The potty training device is marketed as “soft and cushiony” on Target’s website — a way to give toddlers “a sense of security during training time.”
But a Riverside, Calif. family says the WeePOD Basix Potty Ring they purchased at Target did the opposite: It “nearly dismembered” their 3-year-old boy’s genitals and caused permanent damage, according to a lawsuit the family filed on Dec. 5 in Riverside County Superior Court following an incident they say happened in June.
The boy’s penis got stuck to the potty trainer, the lawsuit says, and then the device’s polypropylene surface lacerated the boy’s penis — nearly cutting the child’s genitals all the way around. The 3-year-old’s brother witnessed the injuries, the lawsuit says.
“People go to Target assuming the products they sell aren’t going to mutilate a toddler’s genitals,” John Kristensen, the family’s attorney, told the Press-Enterprise. “This kid’s scarred for life.”
After the child was taken to the emergency room, his penis had to be glued back together because the injured region was so sensitive stitches wouldn’t have been advisable, Kristensen told the newspaper.
The boy’s family is suing for unspecified damages. The attorney for the family requested the names of both the child and his family not be identified to protect the child’s privacy.
Kristensen told CBS Los Angeles that the product had been marketed by its producer, Prince Lionheart, and by the seller, Target, as safe — but that there had been safety complaints lodged about it since at least 2015. The product has not been recalled, according to the lawsuit.
“They had a duty to warn customers about the dangers of their WeePOD product,” Kristensen told CBS. “Their failure to do so was reckless and led directly to the mutilation of my client.”
A Target spokeswoman told the Press-Democrat that the retailer and its legal team is reviewing the lawsuit.

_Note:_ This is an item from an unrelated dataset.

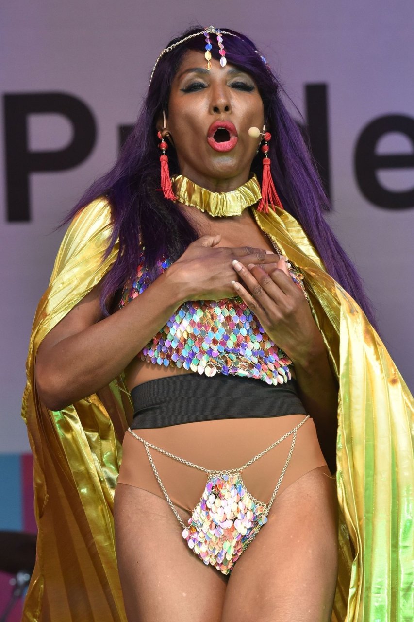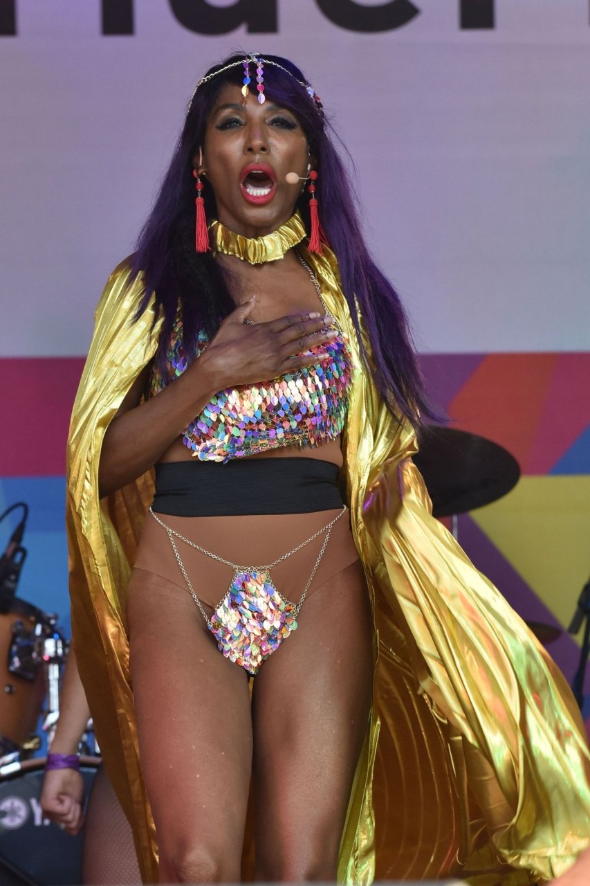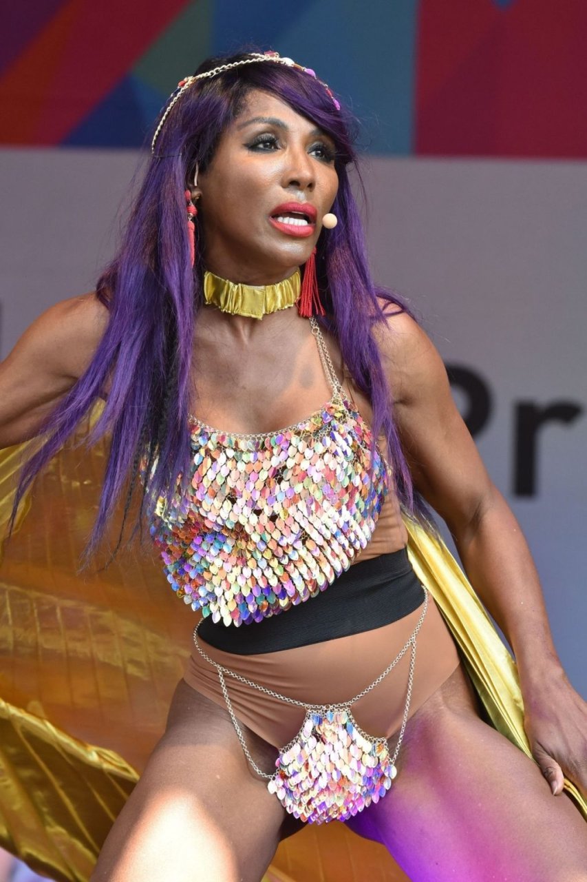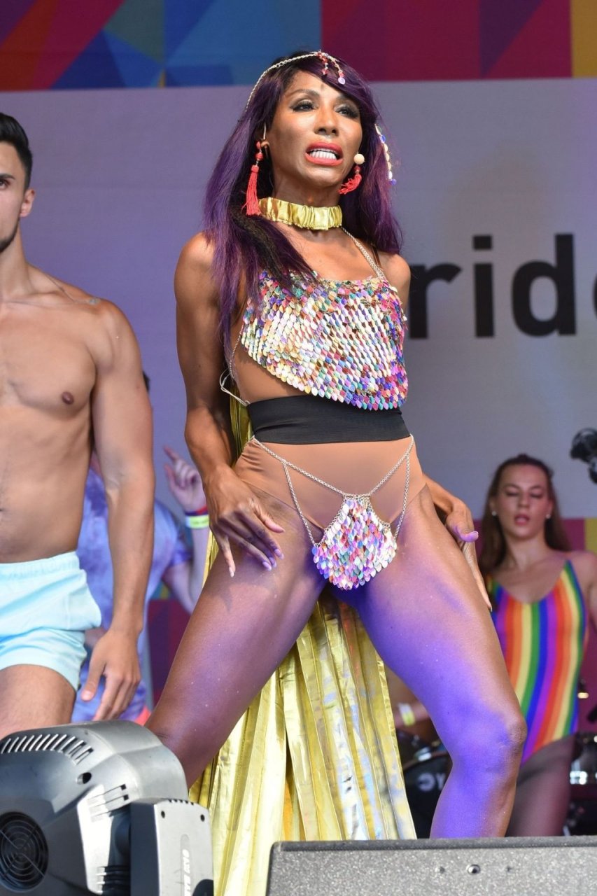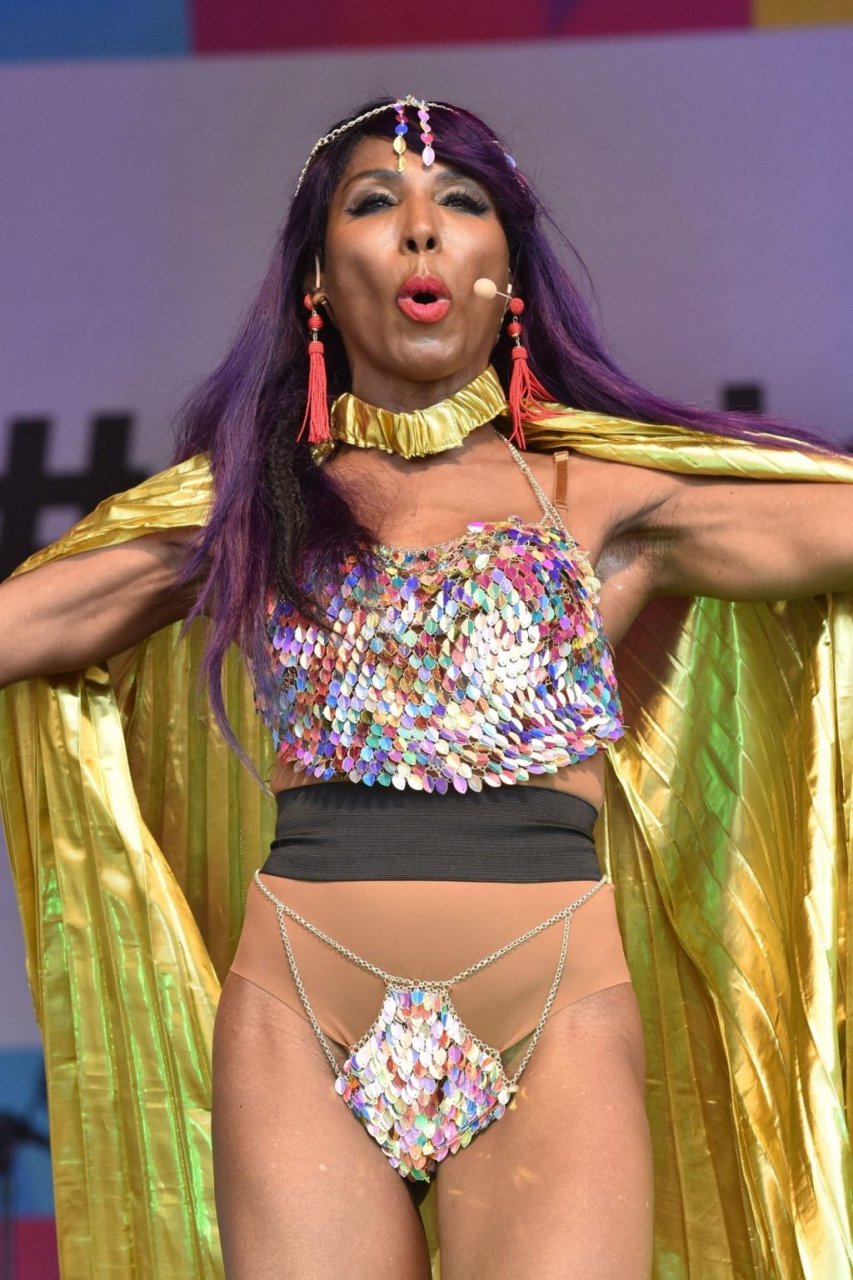 Sinitta fue fotografiada actuando en el escenario principal en Pride en Londres en Trafalgar Square, 07/07/2018. Ya habíamos visto fotos desnudas de Sinitta antes, pero ese día, tuvo un show caliente. La mujer negra de 55 años llevaba un atuendo extraño con un trozo de tela sobre su pussy.

“We take product safety incredibly seriously, are committed to providing safe products to our guests and require our vendors to follow all product safety laws and CPSC guidelines for the products they sell at Target,” spokeswoman Jenna Reck said in a statement to the newspaper.
Though the product has slightly more than 3 ½ stars out of 5 stars on Target’s website, where it’s sold for $14.99, the reviews of the potty training device are mixed. Positive reviews rave about the splash guard and suction cups that keep the trainer in place.
“It is so comfortable for toddlers,” a five-star review from Lisa said. “[I]t is so easy for us to clean.”
But negative reviews warned that the seat could cause a rash, and was prone to cracking.
“This seemed like a good quality toilet seat,” Melissa wrote in a one-star review, “but it made my son break out in a rash on the back of his legs. After doing some internet searching I found out others had this problem as well.”
Officials from Prince Lionheart, the maker of the potty training device, told the Press-Democrat that the family didn’t reach out to them before filing the lawsuit.
“The safety of children is our number-one priority,” CEO Kelly McConnell told the newspaper in the statement. “All of our products are tested by third-party accredited testing houses and either meet or exceed all applicable domestic and international standards.”
According to the lawsuit, the device has caused injury before, and Target and Prince Lionheart should have taken it off the shelves or warned customers earlier.
In 2015, a child in Virginia sustained a similar injury from the same Prince Lionheart seat, also bought at Target, the lawsuit says.
“My 4 year old son was going to the bathroom on his wee pod basix potty seat and when he stood up he started screaming,” a Virginia parent said in 2015, according to the lawsuit. “He had a nasty cut on the base of his penis and it was bleeding a lot. My husband and I cleaned him up and took him to the doctor.
The webpage where the parent’s 2015 comment was posted “is no longer available due to Target’s malfeasance,” the lawsuit says.
“When we got home I examined the seat and the bottom edge is actually very sharp and just sliced open the very sensitives in in that area,” the Virginia parent continued, the lawsuit says. “This has been horribly traumatic for him and could have been so much worse.”
In addition to seeking damages, the lawsuit also asks that Target and Prince Lionheart “fix and/or warn of the defective WeePODs’ potential to lacerate toddlers’ genitals while under normal foreseeable use.”